→ Activity
Transcribe the listing below exactly, leaving out each image.

→ Data records
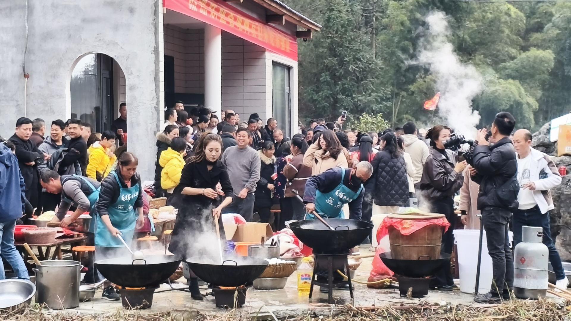 ​1月16日,崇阳县港口乡北山村北山岩下的山沟里,灶火通红、人声鼎沸。养猪户金本茂家屋前屋后、坡上坡下,摆开了连绵的席面。
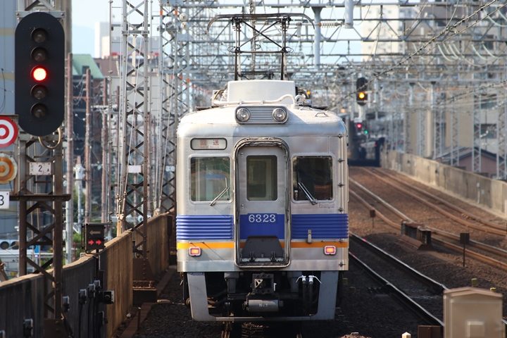 | 続いて7th CHAPTERでは天下茶屋駅8時13分発高野線区間急行なんば行き、新今宮駅8時14分発南海線普通羽倉崎行きの画像から御紹介します。当CHAPTERの注目は今のウチに撮りためしておきたい6000系、運用離脱していた現塗装車の6023Fが無事復帰しましたがとても希少な存在です。 |
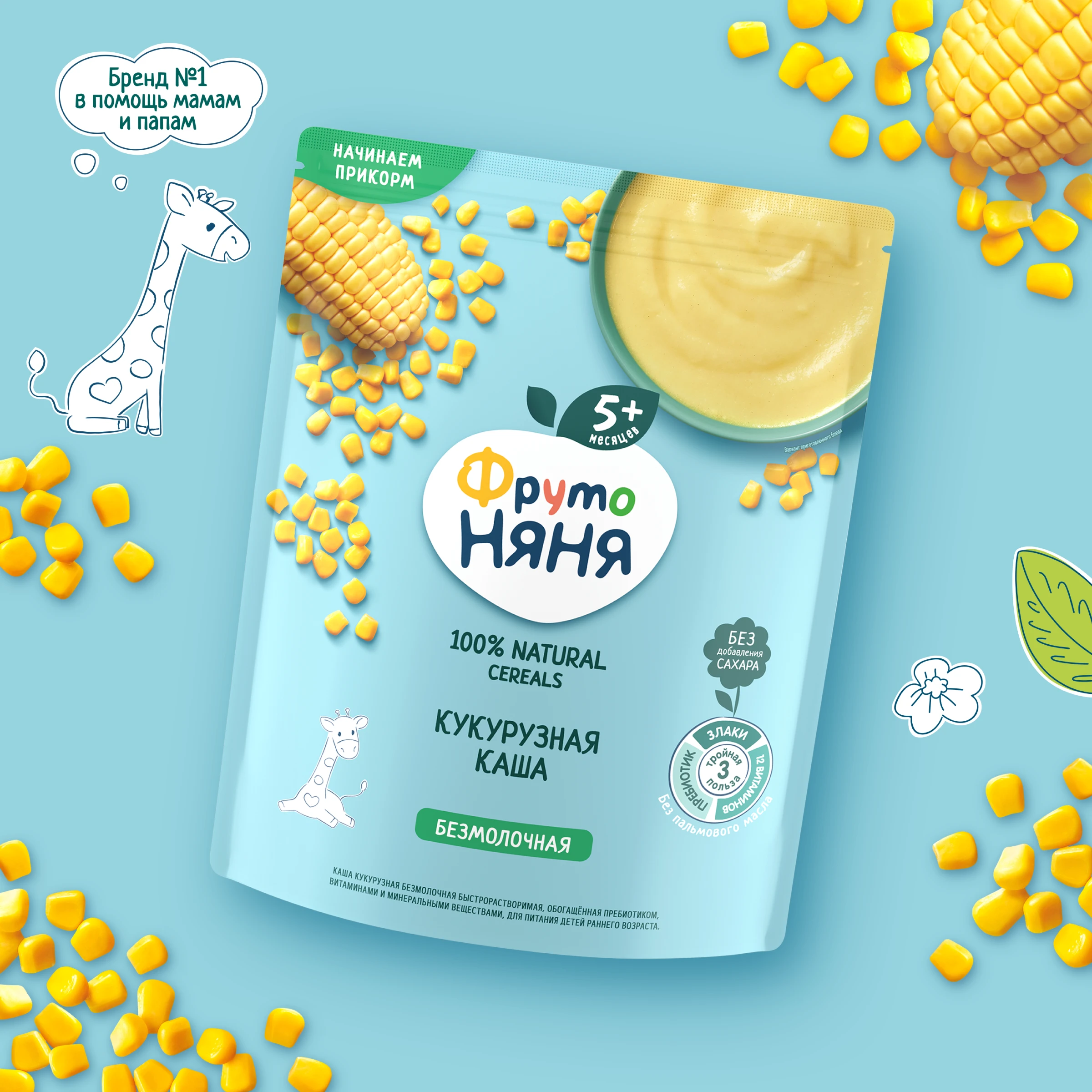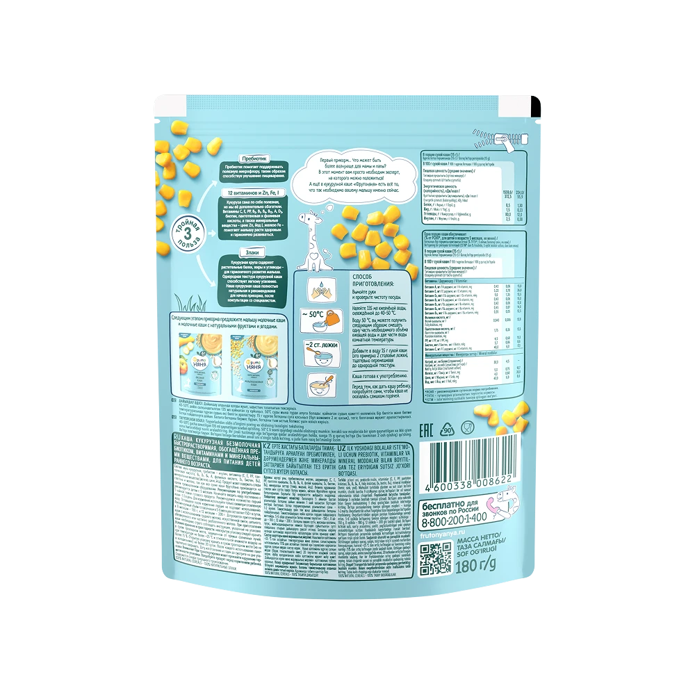 Corn flour, prebiotic: inulin, vitamins (C, E, PP, pantothenic acid, B2, B1, B6, A, folic acid, D3, biotin, B12), minerals (iron, zinc, iodine).
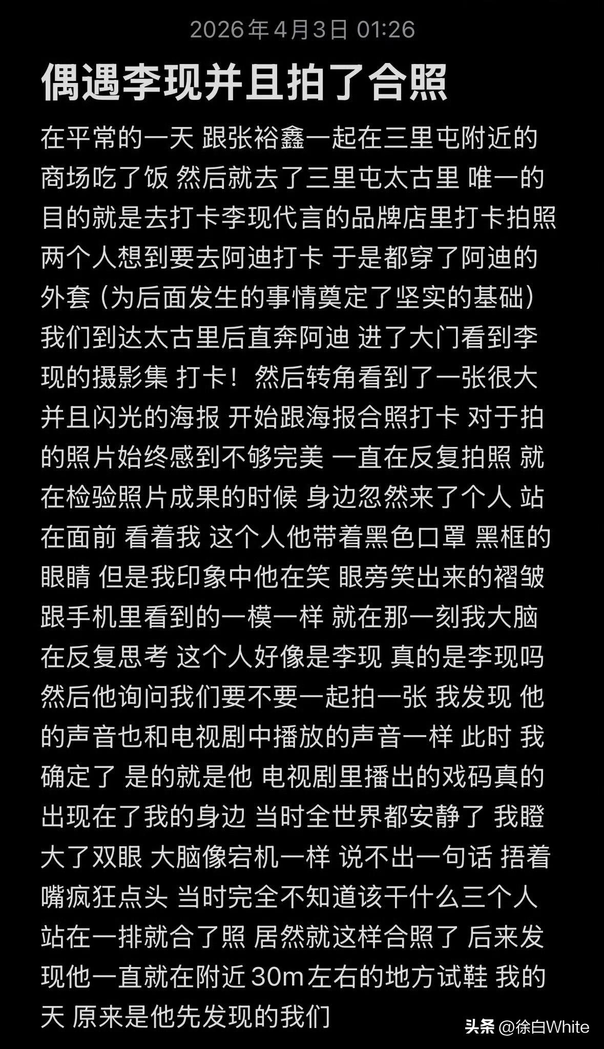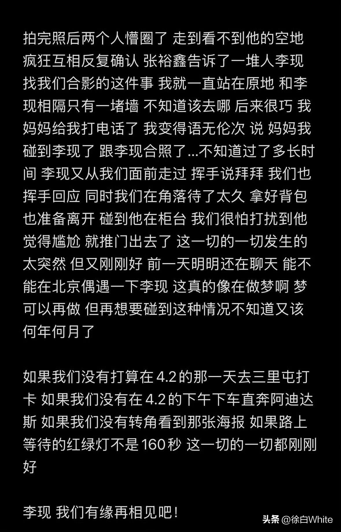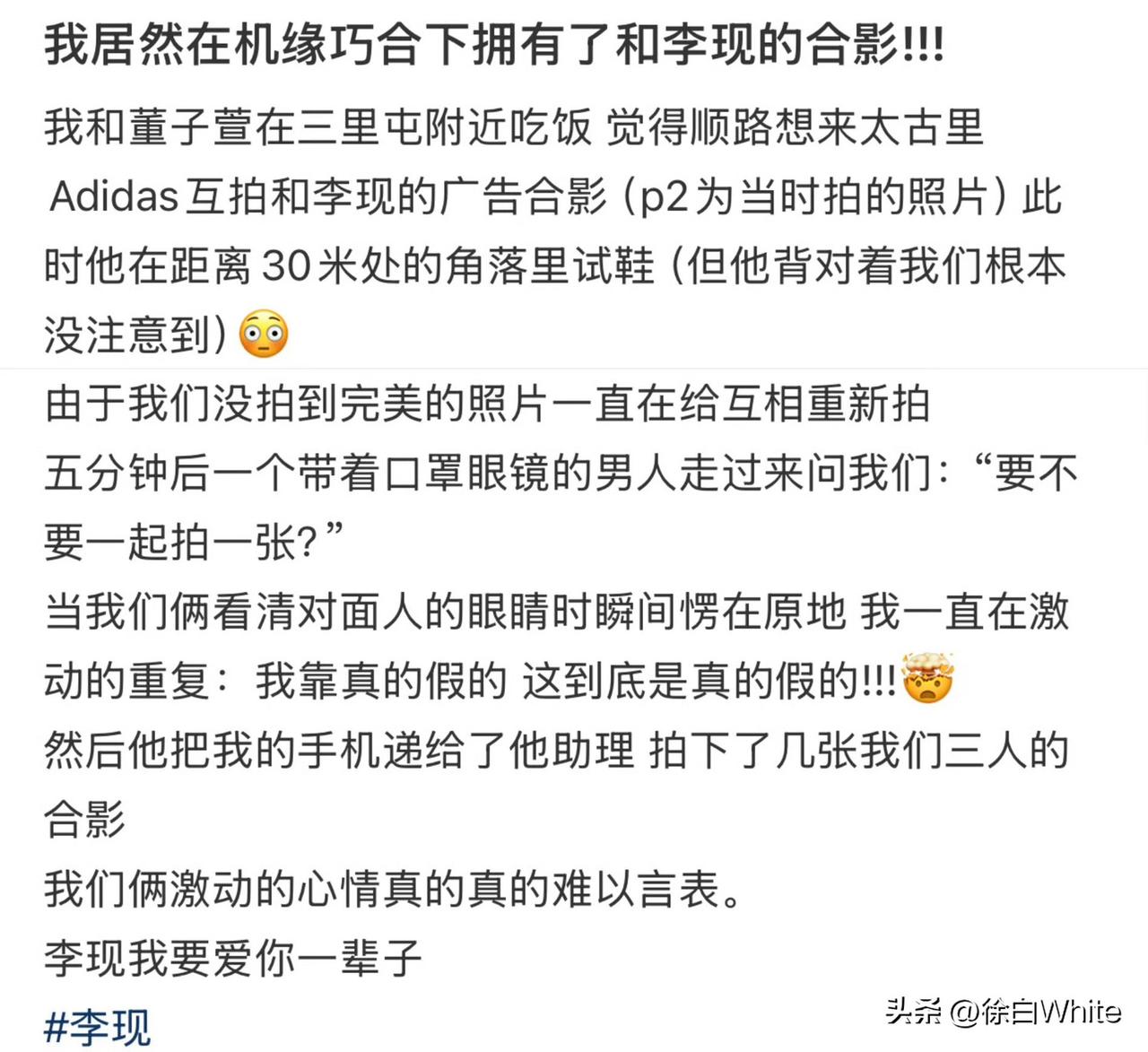 4月3日,网友机缘巧合下与李现本人合影 网友分享在线下跟李现广告牌合影时,李现突然出现,主动打招呼问要不要一起拍一张,网友顿时一脸懵,跟李现对视后,一眼确定了彼此的身份,愣在原地,李现把网友手机给了助理,让助理给他们三拍了几张合照! 网友表示喜悦之情难以言表,不得不说太巧了,李现很讨厌代拍,但真的对真粉很好! 网友小小的分享引来了许多人的羡慕,随后又详细的分享了一下自己的感受,好真实,真的好有缘!
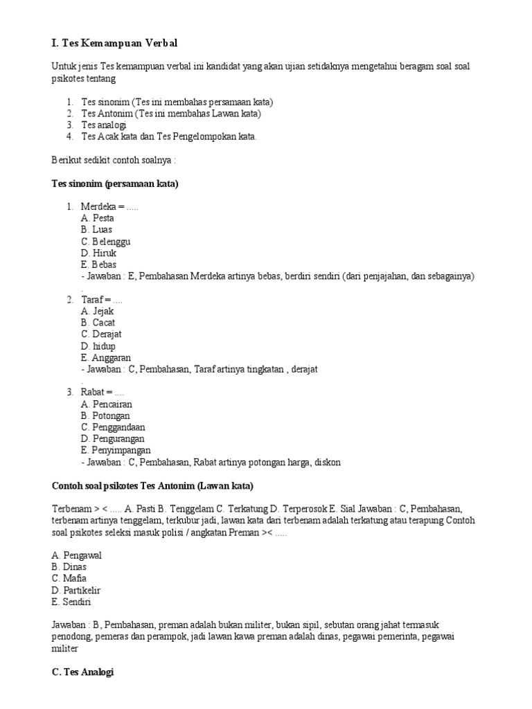 Contoh soal psikotes sinonim dan antonim dan jawabannya tersebut sudah dikemas dalam format pdf yang tentunya bisa anda buka pada berbagai macam perangkat digital mulai dari laptop komputer desktop sampai dengan smartphone atau ponsel pintar anda. Namun demikian kamu bisa download contoh soal psikotes antonim dan jawabannya pdf pada postingan ini. Psikotes memiliki banyak jenisnya diantaranya seperti psikotes verbal psikotes numerik matematika logika psikotes gambar. Contoh contoh soal di bawah yang akan kita bahas ini sudah termasuk didalamnya berbagai tes psikotes masuk kerja diantaranya. Soal soal psikotes kemampuan verbal. Untuk menjawab latihan soal psikotes lawan kata antonim ini sebenarnya tidak membutuhkan kalkulasi analisa seperti dalam pengerjaan soal psikotes gambar kemampuan spasial dan hanya perlu untuk mencari tahu arti kata tersebut dan mencari lawan kata dari kata tersebut.

→ Reply
 ​1月16日,崇阳县港口乡北山村北山岩下的山沟里,灶火通红、人声鼎沸。养猪户金本茂家屋前屋后、坡上坡下,摆开了连绵的席面。
 | 続いて7th CHAPTERでは天下茶屋駅8時13分発高野線区間急行なんば行き、新今宮駅8時14分発南海線普通羽倉崎行きの画像から御紹介します。当CHAPTERの注目は今のウチに撮りためしておきたい6000系、運用離脱していた現塗装車の6023Fが無事復帰しましたがとても希少な存在です。 |
 Corn flour, prebiotic: inulin, vitamins (C, E, PP, pantothenic acid, B2, B1, B6, A, folic acid, D3, biotin, B12), minerals (iron, zinc, iodine).
 4月3日,网友机缘巧合下与李现本人合影 网友分享在线下跟李现广告牌合影时,李现突然出现,主动打招呼问要不要一起拍一张,网友顿时一脸懵,跟李现对视后,一眼确定了彼此的身份,愣在原地,李现把网友手机给了助理,让助理给他们三拍了几张合照! 网友表示喜悦之情难以言表,不得不说太巧了,李现很讨厌代拍,但真的对真粉很好! 网友小小的分享引来了许多人的羡慕,随后又详细的分享了一下自己的感受,好真实,真的好有缘!
 Contoh soal psikotes sinonim dan antonim dan jawabannya tersebut sudah dikemas dalam format pdf yang tentunya bisa anda buka pada berbagai macam perangkat digital mulai dari laptop komputer desktop sampai dengan smartphone atau ponsel pintar anda. Namun demikian kamu bisa download contoh soal psikotes antonim dan jawabannya pdf pada postingan ini. Psikotes memiliki banyak jenisnya diantaranya seperti psikotes verbal psikotes numerik matematika logika psikotes gambar. Contoh contoh soal di bawah yang akan kita bahas ini sudah termasuk didalamnya berbagai tes psikotes masuk kerja diantaranya. Soal soal psikotes kemampuan verbal. Untuk menjawab latihan soal psikotes lawan kata antonim ini sebenarnya tidak membutuhkan kalkulasi analisa seperti dalam pengerjaan soal psikotes gambar kemampuan spasial dan hanya perlu untuk mencari tahu arti kata tersebut dan mencari lawan kata dari kata tersebut.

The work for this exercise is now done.